Your Directors have pleasure in presenting their Annual Report together with the Audited Accounts of the Company for the Year ended March 31, 2015.

OPERATIONAL REVIEW:

During the year under review the turnover inclined to 83.25 Lacs in comparison to that of the previous year 59.88 Lacs . Profit before depreciation and taxation was Rs. 24.32 lacs against Rs. 15.26 Lacs in the previous year. After providing for taxation and depreciation of Rs. 12.93 Lacs & Rs 11.78 Lacs respectively, the net profit of the Company for the year under review after considering income from exceptional item was placed at Rs. 17.75 Lacs as against Rs. 3.48, lacs in the previous year.

DIVIDEND:

In view of Accumulated Loss in the Balance Sheet your directors do not recommend any dividend for the year under operation.

SHARE CAPITAL:

The paid up equity capital as on March 31, 2015 was Rs 1500.24 Lakhs. The company has not issued shares with differential voting rights nor granted stock options nor sweat equity. As on 31ST March , 2015 none of the Directors hold any instrument convertible into equity shares of the company .

FINANCE:

Cash and cash equivalents as at March 31, 2015 was Rs. 48.14 lakhs. The company continues to focus on judicious management of its working capital, Receivables, inventories and other working capital parameters were kept under strict check through continuous monitoring.

FIXED DEPOSITS:

The Company being a Non Banking Financial Corporation (NBFC) has not accepted deposits and as such no amount on account of principal or interest on Public Deposits was outstanding as on the date of Balance Sheet.

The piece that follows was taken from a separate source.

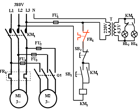 6、改进电气线路,使电机M2也用按钮、交流接触器来控制,画出改进后的电气线路并接线验证。
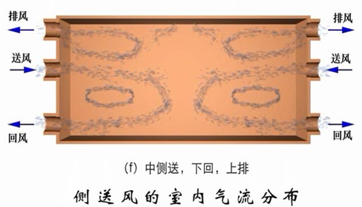 侧送风口布置在房间的侧墙上部,空气横向送出,气流基本吹到对面墙上后转折下落,以较低速度流过工作区,再由布置在侧墙下部的回风口排出。根据房间跨度大小,可以布置成单侧送、单侧回,和双侧送、双侧回。

PARTICULARS OF LOANS, GUARANTEES OR INVESTMENTS:

Being a NBFC Company Section 186 of Companies Act, 2013 is not applicable to the Company.

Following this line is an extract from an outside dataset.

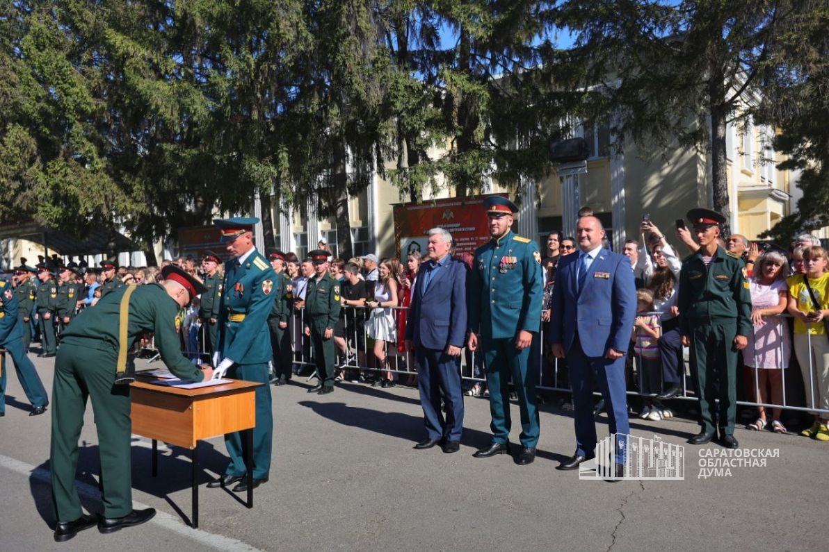 Парламентарий зачитал приветственное слово от Председателя областной Думы Михаила Исаева (фракция «Единая Россия»), поздравил курсантов от лица депутатов регпарламента и пожелал успехов в учебе и службе.

The details of the investments made by company is given in the notes to the financial statements.

INTERNAL CONTROL SYSTEMS AND THEIR ADEQUACY:

The Company has an Internal Control System, commensurate with the size, scale and complexity of its operations. The scope and authority of the Internal Audit function is defined by the Audit Committee in consultation with the Statutory Auditor of the Company . To maintain its objectivity and independence, the Internal Audit function reports to the Chairman of the Audit Committee of the Board & to the Chairman & Managing Director.

The Internal Auditor monitors and evaluates the efficacy and adequacy of internal control system in the Company, its compliance with operating systems, accounting procedures and policies at all locations of the Company.

Based on the report of internal audit function, process owners undertake corrective action in their respective areas and thereby strengthen the controls.

Significant audit observations and recommendations along with corrective actions thereon are presented to the Audit Committee of the Board.

CORPORATE SOCIAL RESPONSIBILITY INITIATIVES

Your Company does not have the requisite Net Worth nor has it achieved the requisite turnover nor it has the requisite net profit for the year for triggering the implementation of “corporate social responsibility” (CSR ) .

CONSERVATION OF ENERGY & TECHNOLOGY ABSORPTION:

Your Company is a Non Banking Finance Company hence information regarding disclosure of conservation of energy is not applicable to it. However as a part of national interest it ensures that energy consumption is kept at minimum.

There are no technology involved as the Company is a Non Banking Finance Company.

FOREIGN EXCHANGE EARNINGS AND OUT-GO :

During the period under review the Company has NIL foreign exchange earnings/foreign exchange out flow.

INDUSTRIAL RELATIONS:

During the year under review, your Company enjoyed cordial relationship with employees at all levels.

DIRECTORS:

For the Financial Year under review the Company has no Director who is liable to retire by rotation.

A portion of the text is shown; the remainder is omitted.